Мир и пара брюк
Опубликовано в журнале Иностранная литература, номер 1, 2000
Сэмюэл Беккет Мир и пара брюк Заказчик. Бог создал мир за шесть дней, а вы не можете сшить мне эту чертову пару брюк за шесть месяцев.
Портной. Но, сударь, вы посмотрите на этот мир и посмотрите на ваши брюки.
…Живопись Абрахама и Герардуса ван Вельде (поскольку никакой живописи на свете не существует) известна в Париже мало. А значит — мало известна вообще. Между тем они работают здесь уже двадцать и шестнадцать лет.
Особенно мало известна живопись А. ван Вельде. Его холсты, можно сказать, вообще никогда не выходили из мастерской, если, конечно, не считать выходом проветривание кверху ногами в Салоне у Независимых с регулярностью раз в год. Из столь долгого заточения они появляются сегодня как новенькие — вот если бы их все это время не прекращали превозносить, снисходительно терпеть или втаптывать в грязь, тогда, конечно, дело другое.
Но картины ни одного из братьев ни разу не были собраны в Париже даже на самой скромной выставке.
Зато крупная выставка Г. ван Вельде состоялась в 1938 году в Лондоне, в галерее Гуггенхайма-младшего. Странная игра случая. Многие его полотна остались после этого в Англии.
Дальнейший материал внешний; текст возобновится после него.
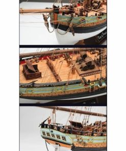 Corel’s wooden model kit features a plank-on-bulkhead construction with double planking. This gives the hull a strength, and allows for nicely shaped hull and planking finish. The kit includes all major structural parts from pre-cut wood. A parts tray holds all the wood, brass, and cast metal fittings. The kit also includes silk screened flags, sail cloth material, rigging line, and 10-sheets of plans for clear construction. Also includes a wooden display base.
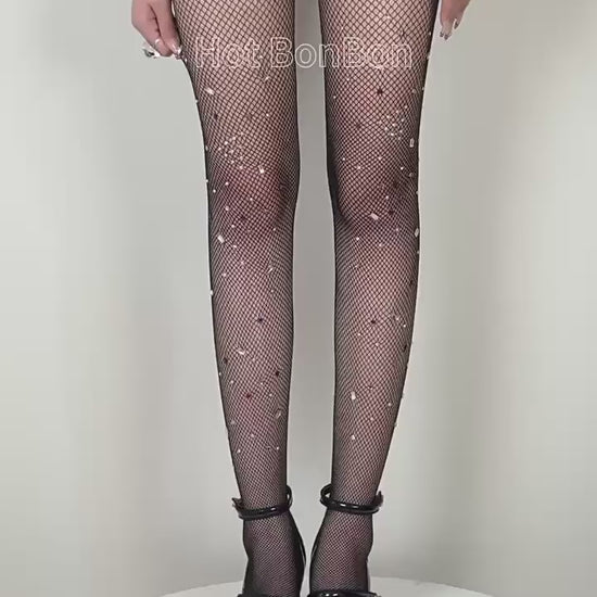 Channel ultimate Y2K glam with these Rhinestone Fishnet Tights! Designed to make you shine and slay, these tights feature delicate rhinestones that catch the light, giving your look a dazzling edge. The classic fishnet design adds a bold, sultry vibe—perfect for nights out, festivals, or just elevating your everyday style.

Братья работали главным образом в Париже и его ближайших окрестностях. Хотя А. ван Вельде живал на Корсике (1929—1931) и Мальорке (1932—1936).
Чуть было не упустил самое главное. А. ван Вельде родился в Гааге в октябре 1895 года. В пору туманов. Г. ван Вельде родился под Лейденом, в апреле 1897 года. В пору тюльпанов.
Дальнейшее — всего лишь словесное искажение, то бишь словесное умерщвление, чувств, которые, я вполне отдаю себе в этом отчет, касаются меня одного. Впрочем, искажение не столько реального воздействия на чувства, сколько смехотворного отпечатка этих чувств в мозгу. Ведь стоит мне задуматься обо всех радостях, которые мне давали и дают полотна А. ван Вельде, и обо всех радостях, которые мне давали и дают полотна Г. ван Вельде, как я чувствую, что те и другие радости гигантским оползнем тут же рушатся в пустоту.
Стало быть, двойное убийство.
Что до формы, в которую вышеупомянутые чувства облекутся, то ей, хочет она того или нет, придется поспевать за галопом следующих далее аподиктических утверждений. Другого способа не выпячивать ее я не знаю.
Важно, прежде всего, не путать произведения обоих художников. Это две абсолютно разные вещи или два разряда вещей. Чем дальше, тем больше они расходятся. Чем дальше, тем больше они будут расходиться. Они напоминают двух путников, вышедших из Шатийонских ворот и направляющихся, плохо представляя себе дорогу и то и дело останавливаясь, чтобы перевести дух, один на улицу Жаворонково поле, а другой — на Лебединый остров.
Затем, важно не упускать из виду их взаимоотношений. Того, что два этих человека не могут не быть похожи, двигаясь к одному горизонту и поодиночке пробираясь между столькими людьми, которые лежат, сидят или путешествуют компанией.
Поговорим сначала о старшем. В сравнении с братом его оригинальность легче заметить, она бросается в глаза. Живопись Г. ван Вельде предельно закрыта: она действует на вас как бы защитным излучением и наделена тем, что астрономы (если не ошибаюсь) называют высокой скоростью удаления. Тогда как живопись А. ван Вельде, кажется, застыла в лунной пустоте. В безвоздушном пространстве.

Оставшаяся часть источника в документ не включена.